Aux termes de ses dernières conclusions signifiées par RPVA le 06 février 2023, Madame [V] [Z] demande à la présente juridiction, outre le prononcé du divorce sur le fondement des dispositions de l’article 237 du code civil, notamment de :
— ordonner à Monsieur [M] de remettre à Madame [Z] ses effets personnels, notamment ses diplômes, papiers administratifs et photographies, sous astreinte de 50 € par jour à compter de la décision à intervenir,
— ordonner la mention du dispositif du Jugement à intervenir en marge de l’acte de mariage des époux et en marge de leur acte de naissance,
— prendre acte de ce que Madame [Z] ne conservera pas son nom d’épouse et reprendra l’usage de son nom de jeune fille ;
— condamner Monsieur [M] à verser à Madame [Z] la somme de 100.000 € à titre de prestation compensatoire,
— constater qu’en application de l’article 265 du Code Civil, les avantages matrimoniaux prenant effet à la dissolution du régime matrimonial ou au décès de l’un des époux et de dispositions à cause de mort, seront révoqués de plein droit ;
— condamner Monsieur [M] aux entiers dépens de la procédure.
Pour un exposé complet des moyens et prétentions des parties, il sera renvoyé à leurs écritures conformément à l’article 455 du Code de procédure civile.
La procédure a été clôturée le 13 juin 2023 et l’affaire plaidée le 21 novembre 2023.
Le jugement est mis à disposition au greffe, conformément aux dispositions de l’article 450 du code de procédure civile, à la date du 12 janvier 2024.
MOTIFS DE LA DECISION
I – Sur le divorce
Sur les propositions de règlement des intérêts pécuniaires et patrimoniaux des parties :
Aux termes de l’article 252 du code civil, la demande introductive d’instance comporte à peine d’irrecevabilité, une proposition de règlement des intérêts pécuniaires et patrimoniaux des époux.
L’article 1115 du Code de procédure civile stipule que cette proposition contient un descriptif sommaire de leur patrimoine et précise les intentions du demandeur quant à la liquidation de la communauté ou de l’indivision, et , le cas échéant, quant à la répartition des biens.
En l’espèce, Monsieur [S] [M] et Madame [V] [Z] ont satisfait à cette obligation légale.
En dehors des hypothèses expressément prévues par la loi, le juge du divorce n’est par principe pas compétent pour statuer sur les questions relatives à la liquidation du régime matrimonial et au partage, l’article 1115 du Code de procédure civile précisant en outre que la proposition de règlement formulée en application de l’article 252 du Code civil ne constitue pas une prétention au sens de l’article 4 du Code de procédure civile.
Sur le fondement du divorce :
Selon les dispositions des articles 237 et 238 du code civil, le divorce peut être demandé par l’un des époux lorsque le lien conjugal est définitivement altéré.
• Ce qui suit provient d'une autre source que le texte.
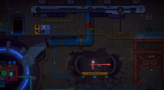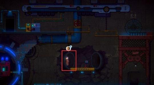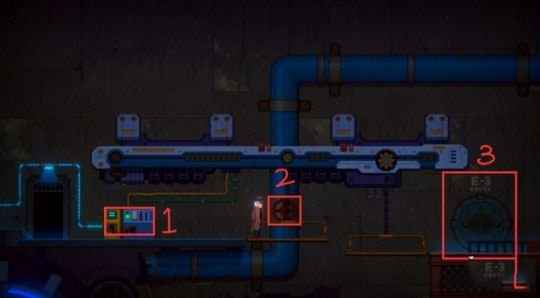 电流接通后,启动下图的控制台【1】,升降台会抬起,把升降台上的红色阀门【2】转动,引出水流。可以顺路进入最右侧【3】的E-3门中获得【遗落的机器人笔记】。
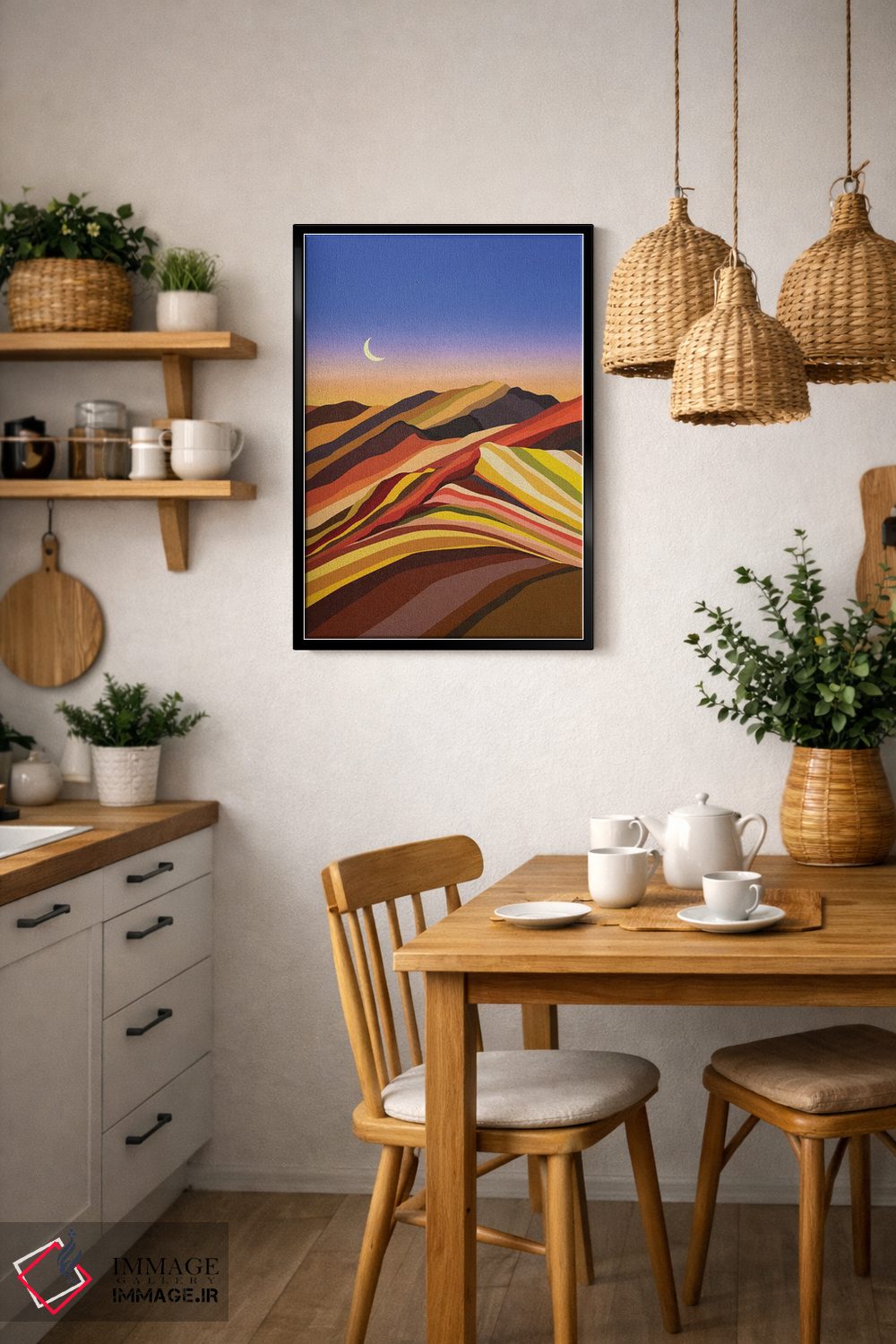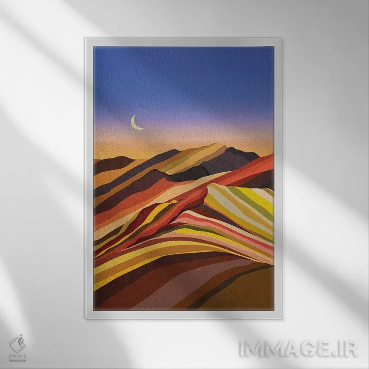براساس پالت ترکیبی اثر، قاب تیک گرم (چوبی) پیشنهاد اول است و مشکی مات (فریم متوسط) مکمل. برای سفارشهای پروژهای با ابعاد و قابهای اختصاصی با ایماژ در تماس باشید.

L’altération définitive du lien conjugal résulte de la cessation de communauté de vie entre les époux, lorsqu’ils vivent séparés depuis un an lors de la demande en divorce. Si le demandeur a introduit l’instance sans indiquer les motifs de sa demande, le délai caractérisant l’altération définitive du lien conjugal est apprécié au moment du prononcé du divorce.
En l’espèce, il n’est pas contesté que les époux résident séparément depuis l’année 2002. En outre, l’existence de l’altération étant reconnue par les deux parties, il convient de la considérer comme acquise et de prononcer le divorce sur le fondement des articles 237 et 238 du code civil.
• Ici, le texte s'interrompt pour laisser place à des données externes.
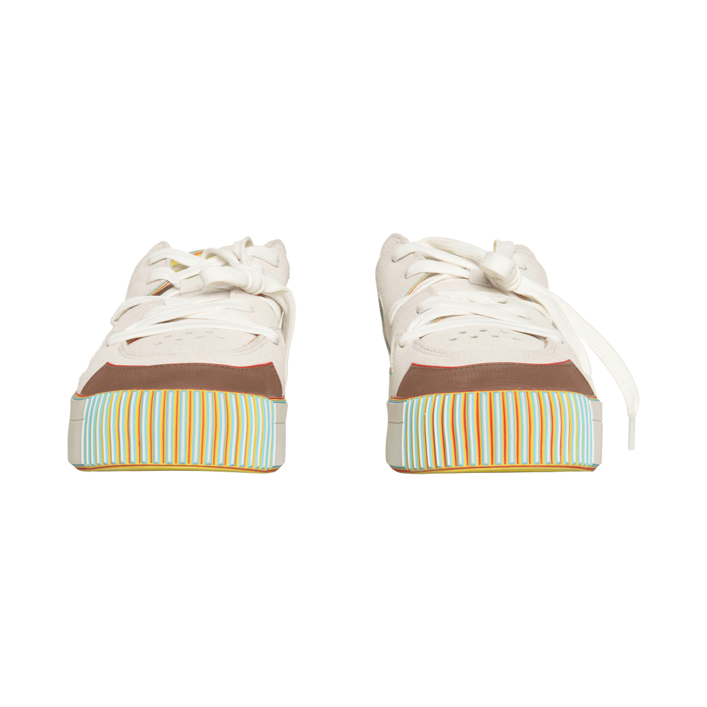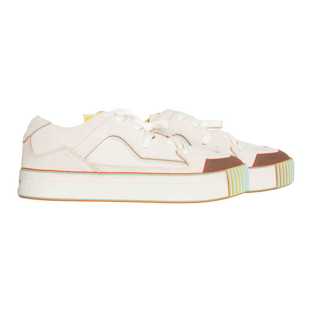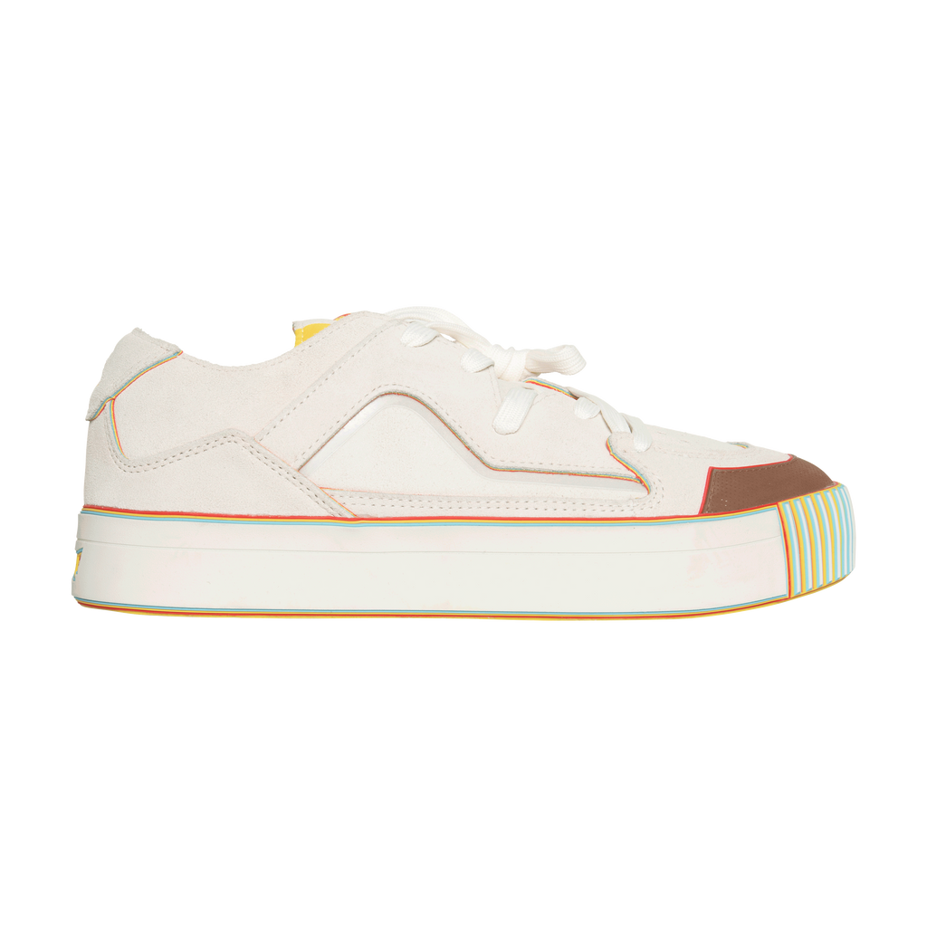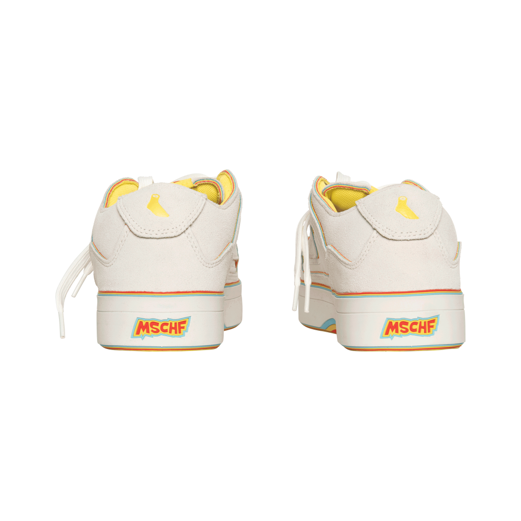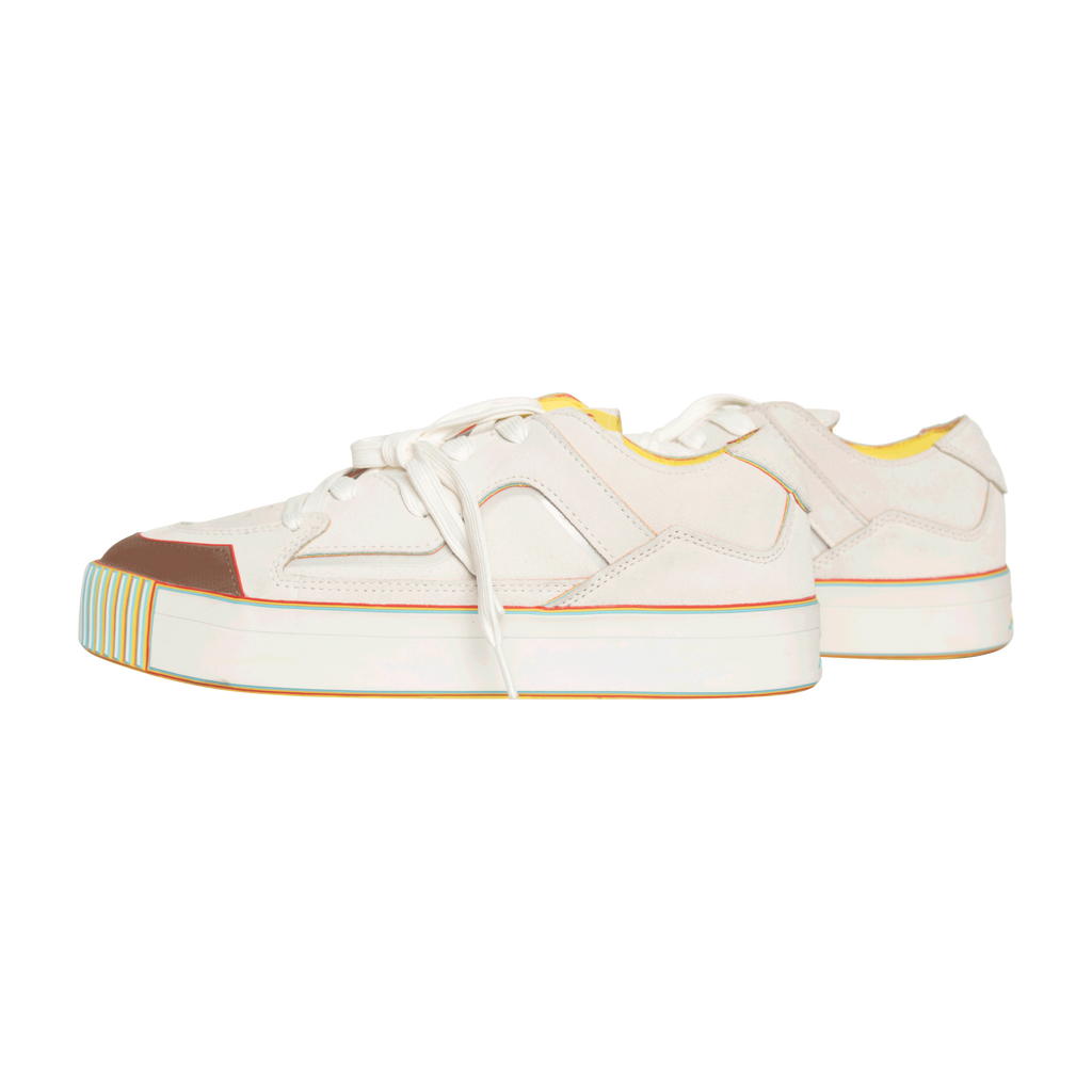 Jimmy Fallon x MSCHF Gobstomper Sneaker features low top, neutral off-white finish throughout uppers and midsole, branding on tongue tag, dismembered foot logo on heel tab, and wears away to reveal 4 layers of multi-colored material.

II – Sur les conséquences du divorce entre les époux :
Sur le report des effets du divorce :
Selon l’article 262-1 du code civil : « La convention ou le jugement de divorce prend effet dans les rapports entre les époux, en ce qui concerne leurs biens :(…)
lorsqu’il est prononcé pour acceptation du principe de la rupture du mariage, pour altération définitive du lien conjugal ou pour faute, à la date de l’ordonnance de non conciliation.A la demande de l’un des époux, le juge peut fixer les effets du jugement à la date à laquelle ils ont cessé de cohabiter et de collaborer. Cette demande ne peut être formée qu’à l’occasion de l’action en divorce. La jouissance du logement conjugal par un seul des époux conserve un caractère gratuit jusqu’à l’ordonnance de non conciliation, sauf décision contraire du juge. »
En l’absence de cohabitation entre les époux, qui fait présumer de la cessation de la collaboration, il incombe à l’époux qui s’oppose au report de la date des effets du divorce de prouver que la collaboration des époux s’est poursuivie au-delà de la séparation.
En l’espèce, aucune demande n’étant formée sur ce point par l’une ou l’autre des parties, il sera fait application du principe édicté par l’article 262-1 du Code civil. Dès lors, il y a lieu de retenir le 23 octobre 2020, date de l’ordonnance de non conciliation, comme date des effets du divorce entre les époux.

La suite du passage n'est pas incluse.